To achieve these two broad goals, five tactics have proven effective in New York. Seattle appears to have relied on none of them.

First, police should early on speak with protesters to establish the ground rules for demonstrations and the consequences if rules are broken. If cops have to explain things to demonstrators after protests begin, then it's already too late. Moreover, all cops—top chiefs especially—need to communicate fully with one another so that they know beforehand how to respond in a carefully calibrated way to events on the streets. If protestors fail to respond to the mere presence of police, cops should then issue clear, loud verbal warnings. Only as a last resort should they use force. That means, of course, that they need a graduated strategy to begin with: in Seattle, the police seemed to skip from passivity to naked force without any intervening steps.
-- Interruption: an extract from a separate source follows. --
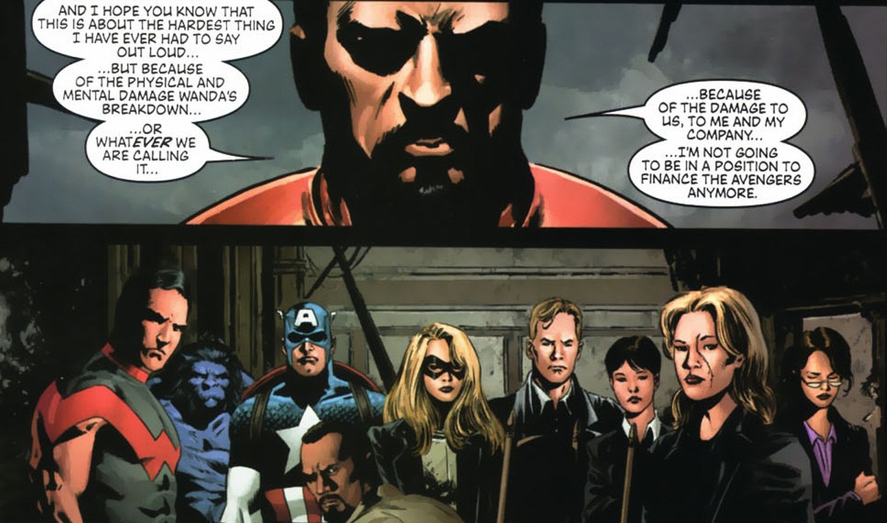 So after a whole bunch of awful stuff happening within the span of a few issues (Avengers dying, mansions blowing up, jets crashing, etc.), the Avengers decide to disband. I’m sad also.
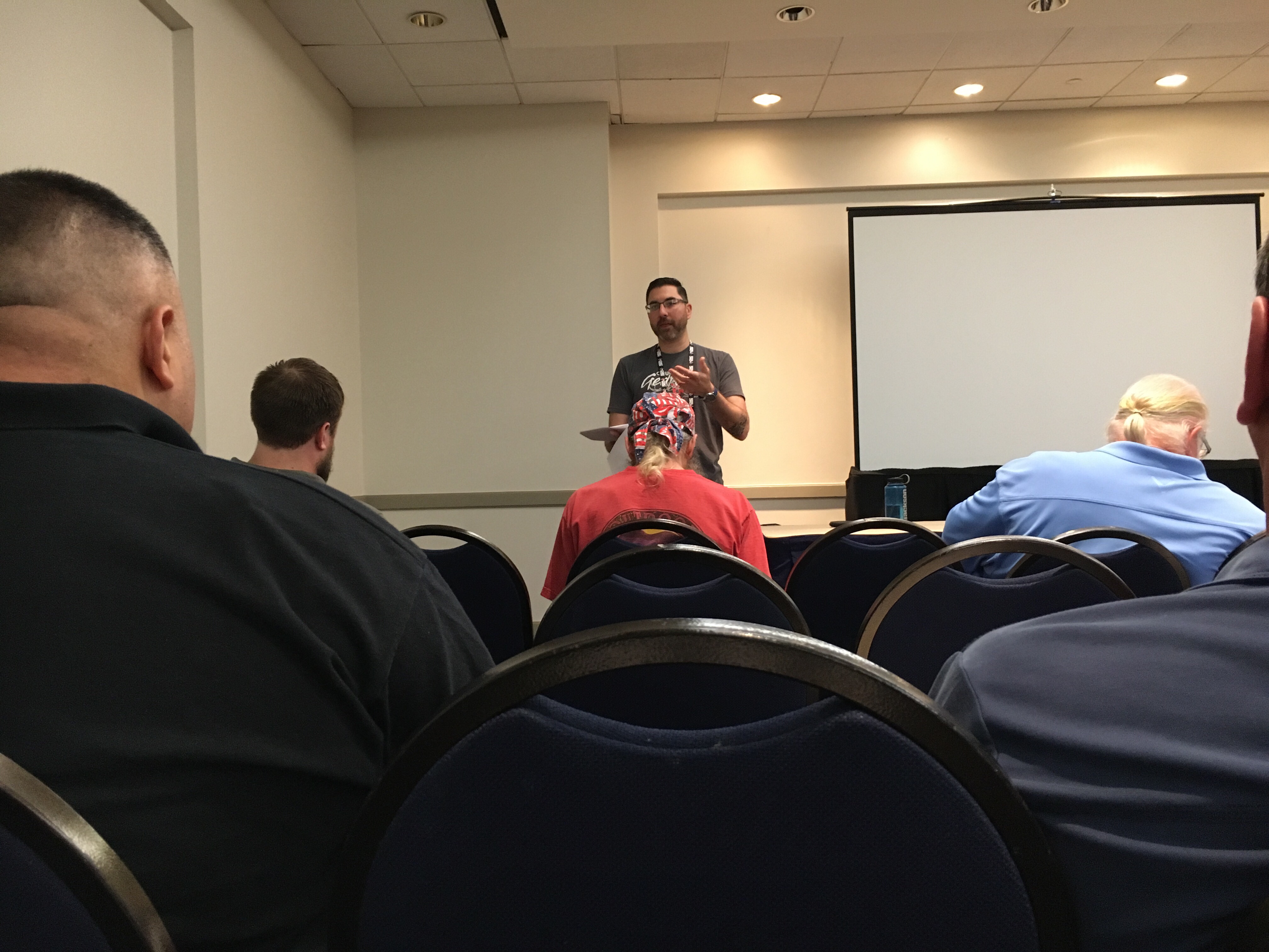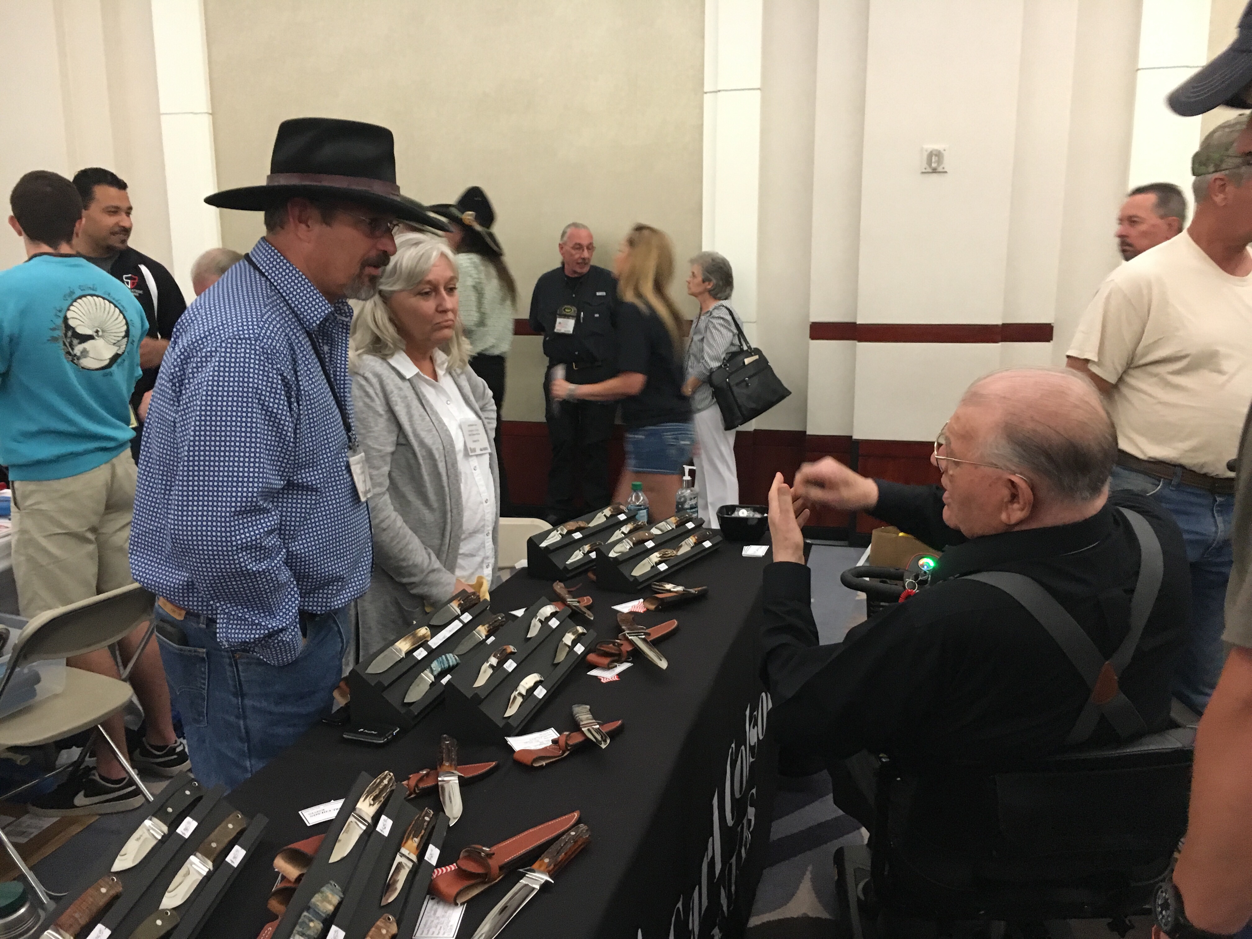 Hands down, my favorite moment of BLADE Show 2018 occurred as I wandered the custom makers’ tables. I overheard maker Carl Colson mention to show goers that he hailed from Florida. I circled back to his table and saw a man in a scooter talking to Colson.

Second, more important than outfitting officers with the menacing, Darth Vader-style riot helmets and tear gas, as in Seattle, is to deploy from the outset a sufficient number of police to keep demonstrations in line. They need to be deployed in the right places, so officers should sniff out potential trouble spots days in advance. In addition, police should have a reserve army of officers available to help out, if necessary, with crowd control or any unexpected emergencies that might crop up. When I was chief of department in the NYPD, for example, we had to police the UN's 50th anniversary in 1995—a security nightmare, with groups of protesters denouncing Fidel Castro's tyranny, the Chinese government's oppression of Tibet, and host of other nations' political abuses. We stationed a big reserve team of officers out of sight of the UN but close enough to intervene if needed.
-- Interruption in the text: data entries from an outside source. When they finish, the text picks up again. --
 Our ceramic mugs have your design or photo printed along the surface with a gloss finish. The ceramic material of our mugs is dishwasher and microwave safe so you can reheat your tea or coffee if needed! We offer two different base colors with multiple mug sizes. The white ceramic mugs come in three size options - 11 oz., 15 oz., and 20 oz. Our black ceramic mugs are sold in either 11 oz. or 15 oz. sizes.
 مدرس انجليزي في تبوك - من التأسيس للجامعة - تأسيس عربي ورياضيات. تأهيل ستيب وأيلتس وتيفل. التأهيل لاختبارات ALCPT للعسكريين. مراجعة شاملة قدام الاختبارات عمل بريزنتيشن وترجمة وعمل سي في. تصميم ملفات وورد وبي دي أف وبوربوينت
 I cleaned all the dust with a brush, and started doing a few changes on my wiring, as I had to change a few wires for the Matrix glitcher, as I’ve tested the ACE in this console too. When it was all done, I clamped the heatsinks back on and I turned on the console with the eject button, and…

Third, to prevent unruly crowds from tying up the city, police must establish "frozen zones"—spaces around major meeting halls, the perimeters of hotels, and key transportation intersections and corridors that keep the city moving. With the UN anniversary, we had to guarantee access to the UN building for 80 heads of state and representatives from more than 140 countries. We knew where all of them were staying and what route they'd be taking to the UN, and we had plans in place to keep those routes open.

Fourth, cops should be ready to disperse large crowds that threaten public safety. Police don't need to charge into a crowd to break it up, but simply to move through it at a deliberate pace, dividing it into smaller groups that can be shunted to side streets. A mix of foot officers, motorcycle cops, and mounted police usually does the trick. In 1994, we used just this method to disperse peacefully a crowd of 25,000 people, many roaring drunk, that spilled out of Madison Square Garden onto Seventh Avenue while celebrating the New York Rangers' Stanley Cup victory. Many cities have experienced riots after a home team wins a championship; not New York.

Finally, police should be prepared to arrest protesters who commit criminal acts, like the vandals who smashed the front window of a Seattle Starbucks coffee shop. They should even arrest passive resisters who refuse to move along after police warnings. Arrests can quickly cool down a simmering protest.

Had Seattle authorities followed these commonsense guidelines, they wouldn't have needed to call the National Guard. Urban disorder never would have broken out.